[Dataset records]
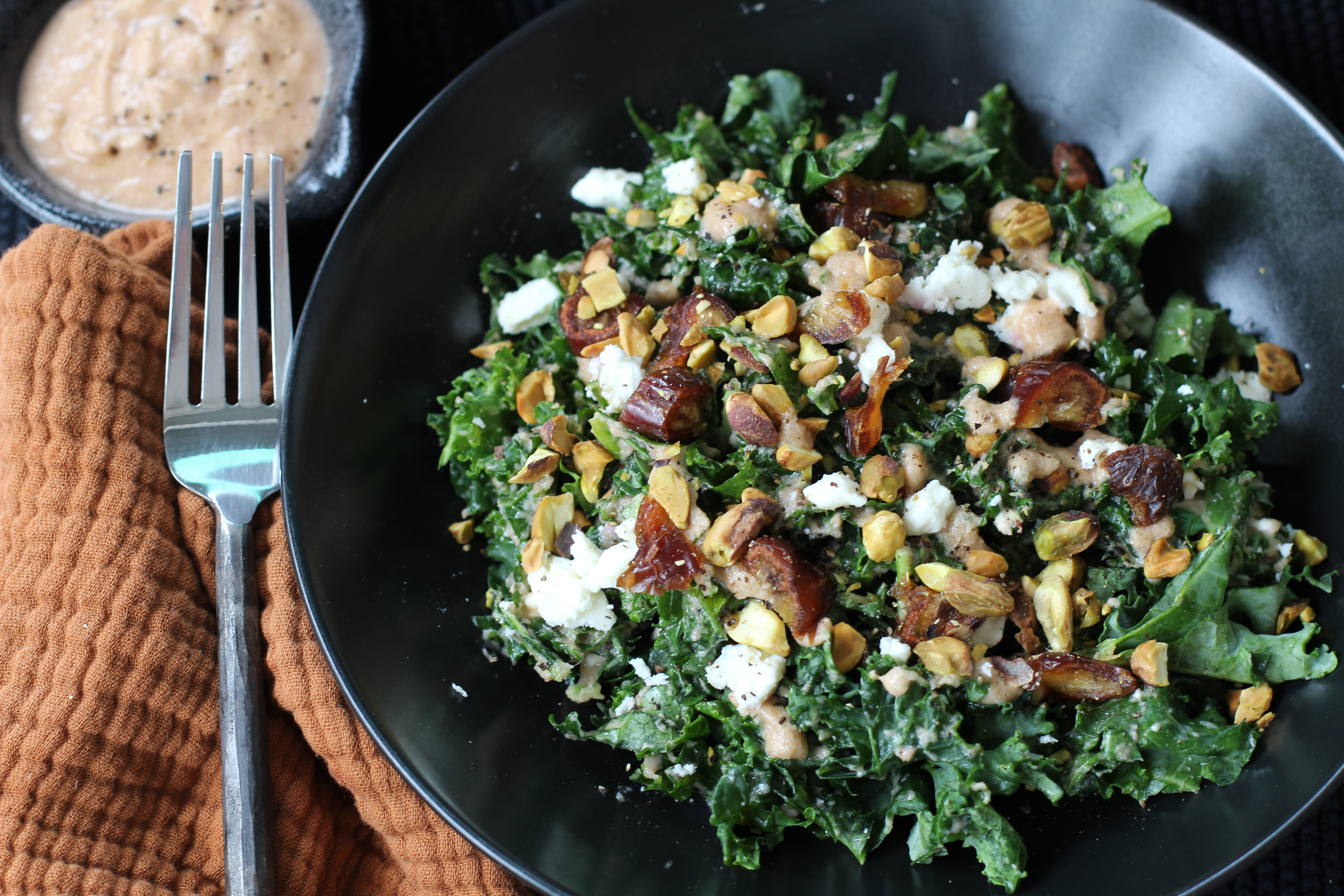 That’s it. Dress your salad. I used kale and I like to have cheese and fruit or protein in salad so I added feta, dates and pistachios, but use what you like. Apples and chicken would be delicious with this dressing. Use your imagination.
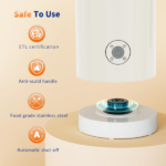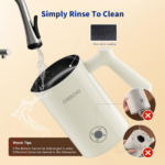 En primer lugar, este espumador es muy fácil de usar. Cuenta con un elemento calefactor de acero inoxidable que permite un calentamiento rápido y uniforme. En solo 2 minutos, la leche se calienta a aproximadamente 149 ℉. Además, el exterior del espumador se mantiene fresco, y el mango ergonómico antiquemaduras garantiza un uso seguro y sin esfuerzo.
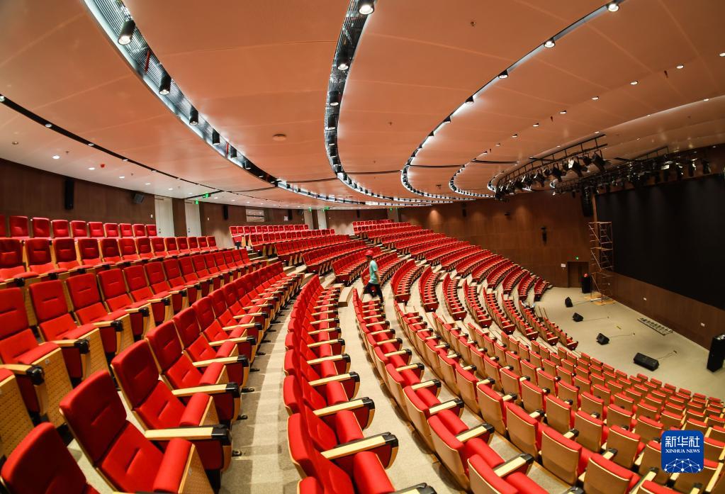 建設者在香港科技大學(廣州)報告廳內檢查設備(8月16日攝)。
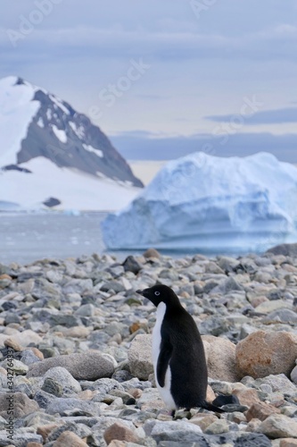 Adelie penguin in Antarctica on rocky beach with iceberg and mountain in background, at Stonington Islands
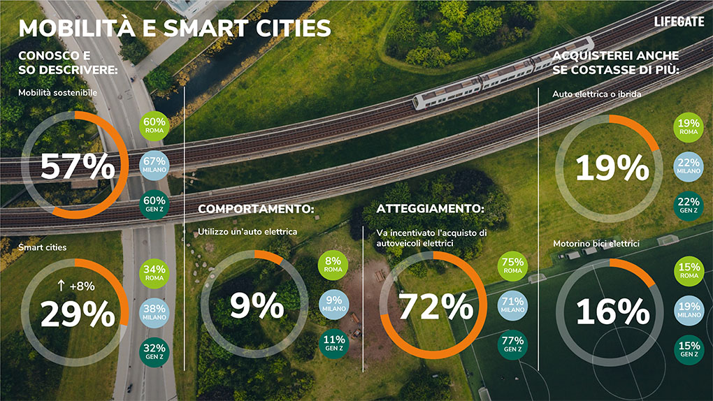 Solo il 60% del campione di intervistati dal 9° Osservatorio Nazionale sullo stile di vita Sostenibile di LifeGate a Roma e il 67% di quelli a Milano dichiarano che gli è già capitato di sentire l’espressione “mobilità sostenibile”, a fronte di altre come “Riscaldamento globale” (85% Roma, 83% Milano), ” Energia rinnovabile” (79% Roma, 80% Milano), “Crisi climatica” (81% Roma, 82% Milano).
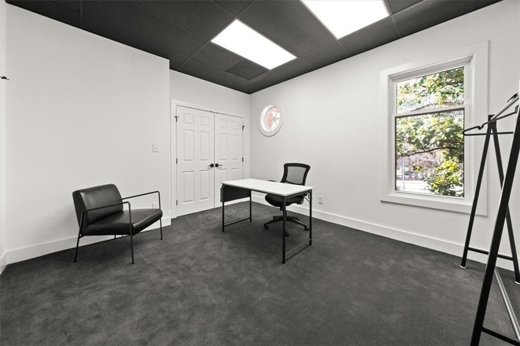 This newly updated office suite offers a spacious and functional layout with a large meeting room, three private rooms, one bathroom, and a kitchenette area complete with a small drink refrigerator and sink. Special features include blackout blinds, green screens, and a variety of backdrops, making it a perfect fit for a YouTube studio, creative professionals, CPAs, law offices, or medical spas. The suite is located upstairs in a well-maintained office complex, ensuring a quiet and professional environment. Additional amenities include a Tesla car charger and ample parking for added convenience. Situated in a prime location, the office is just minutes from I-285, GA-400, Perimeter Mall, Northside Hospital, Emory St. Joseph’s, and Children’s Healthcare of Atlanta. This unbeatable location offers easy access for clients and staff, making it an excellent choice for your business. Schedule a tour today!

▶ _WORK ITEM_
Give back, word for word, the lines from the line that contains "Adelie penguin in" through the last line of the records, with no pictures and nothing else.

▶ _RESPONSE_
 Adelie penguin in Antarctica on rocky beach with iceberg and mountain in background, at Stonington Islands
 Solo il 60% del campione di intervistati dal 9° Osservatorio Nazionale sullo stile di vita Sostenibile di LifeGate a Roma e il 67% di quelli a Milano dichiarano che gli è già capitato di sentire l’espressione “mobilità sostenibile”, a fronte di altre come “Riscaldamento globale” (85% Roma, 83% Milano), ” Energia rinnovabile” (79% Roma, 80% Milano), “Crisi climatica” (81% Roma, 82% Milano).
 This newly updated office suite offers a spacious and functional layout with a large meeting room, three private rooms, one bathroom, and a kitchenette area complete with a small drink refrigerator and sink. Special features include blackout blinds, green screens, and a variety of backdrops, making it a perfect fit for a YouTube studio, creative professionals, CPAs, law offices, or medical spas. The suite is located upstairs in a well-maintained office complex, ensuring a quiet and professional environment. Additional amenities include a Tesla car charger and ample parking for added convenience. Situated in a prime location, the office is just minutes from I-285, GA-400, Perimeter Mall, Northside Hospital, Emory St. Joseph’s, and Children’s Healthcare of Atlanta. This unbeatable location offers easy access for clients and staff, making it an excellent choice for your business. Schedule a tour today!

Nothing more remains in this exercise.